The case in which the initial state is bipartite and pure has a geometric solution, please see the original construction by Życzkowski and Kuś and the review: by Bengtsson and Życzkowski. It also appears in section 16.4 of the book: GEOMETRY OF QUANTUM STATES An Introduction to Quantum Entanglement.

The characterization of the bipartite pure states having the same marginals is that they lie on the same fiber in the bundle structure of a space of equally entangled states over the space of unitary equivalent density matrices whose nonvanishing eigenvalues are the squares of the original state Schmidt coefficients.
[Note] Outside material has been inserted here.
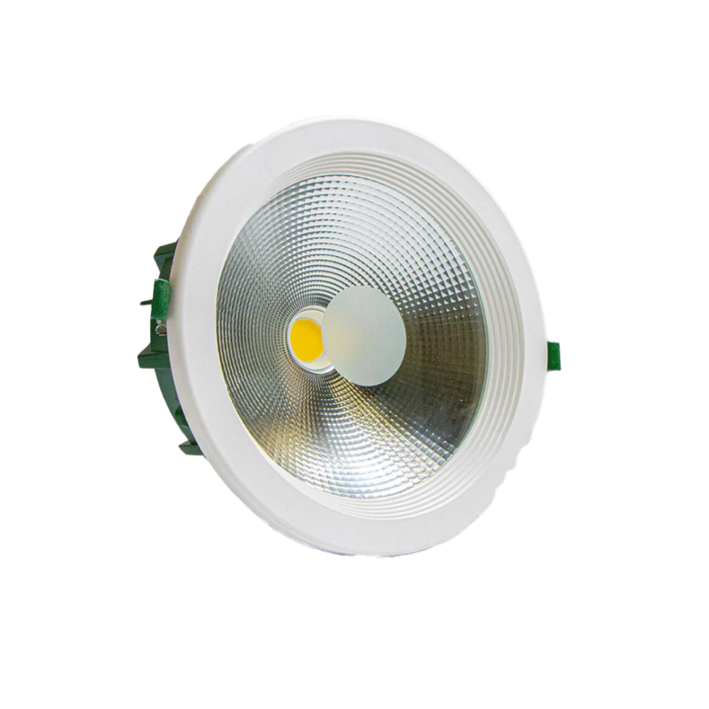 مصباح إضاءة غائر (Downlight) من نوع COB LED، يتميز بتصميم دائري باللون الأبيض. يمكن وصف المنتج كالتالي:

This characterization can be explained as follows:

For a bipartite system, the non-vanishing eigenvalues of the reduced density matrix are the squares of the non-vanishing Schmidt coefficients of the initial pure states. The action of a local unitary transformation $U \otimes V$ on the initial state produces a unitarily displaced reduced density matrix by $U$ on $\mathcal{H}_1$ and $V$ on $\mathcal{H}_2$. Thus, the space unitarily equivalent reduced density matrices with a given set of non-vanishing eigenvalues is obtained by tracing the states belonging to the space of equally entangled bipartite pure states, whose nonvanishing Schmidt coefficients are the square roots of the eigenvalues. By equally entangled states, it is meant that they lie on a local unitary transformation orbit.

Said differently, a space of equally entangled bipartite pure states is a fiber bundle over the unitary orbit of the reduced density matrix whose non-vanishing eigenvalues is equal to the initial state Schmidt vector.

The fibers are isomorphic to $U(N)/U(m_0)\times U(1)$, where $N$ is the dimension of the Hilbert space which was traced on and $m_0$ is the number of vanishing Schmidt coefficients. The fibers corresponds to spaces of states having the same reduced density matrix. Please see table 16.1 in the third reference for the various orbit structures in the case of 2 qubits and 2 qutrits.

Update

Given a pure state $|\Psi\rangle$ living in $\mathcal{H}_1\otimes\mathcal{H}_2=\mathbb{C}^n\otimes\mathbb{C}^n $, then its local unitary orbit is

$$\mathcal{O} = \mathrm{Span} \left(U(n)\otimes U(n) \circ \Psi \right)$$

This is the total space of the bundle: $\mathcal{F}\rightarrow \mathcal{O}\rightarrow \mathcal{M}$. Suppose that the Schmidt coefficients of this state are given by: $\mathbf{v_s} = \{\underbrace{0,…}_{m_0 \mathrm{times}}, \underbrace{\lambda_1,…}_{m_1\mathrm{times}}, \underbrace{\lambda_2,…}_{m_2\mathrm{times}}, …\}$

Then (after tracing on the second factor) base space of the bundle is:

$$\mathcal{M} = \mathrm{Span} \left(U(n) \circ \mathrm{tr}_2\left(|\Psi\rangle\langle|\Psi|\right) \right)= \mathrm{Ad}\left(U(n)\right) \mathrm{diag}(|\mathbf{v_s}|^2)= U(n)/U(m_0)\times U(m_1)\times U(m_2)…$$ The fiber of the bundle is: $$\mathcal{F} = U(n)/U(m_0)$$

(The reason that $U(m_0)$ appears in the isotropy group of both the base space and the fiber is that the isotropy group of a unit matrix $\mathbf{1}$ is $U(m_1)$: $\mathbf{1} = U \mathbf{1}U^{\dagger} $, while the isotropy group of a zero matrix is $U(m_0) \times U(m_0)$: $\mathbf{0} = U \mathbf{0}V^{\dagger} $)

The span in the base space is due to the first $U(n)$ factor of the local unitary group $ U(n)\otimes U(n)$, i.e., the factor acting on $\mathcal{H}_1$, while the span in the fiber is the second $U(n)$ factor acting on $\mathcal{H}_2$. The base space $M$ is the unitary orbit of the reduced state, thus, if we wish to characterize states descending to the same reduced state, we have to fix the second $U(n)$ factor, thus remain with a space isomorphic to the fiber $\mathcal{F}$.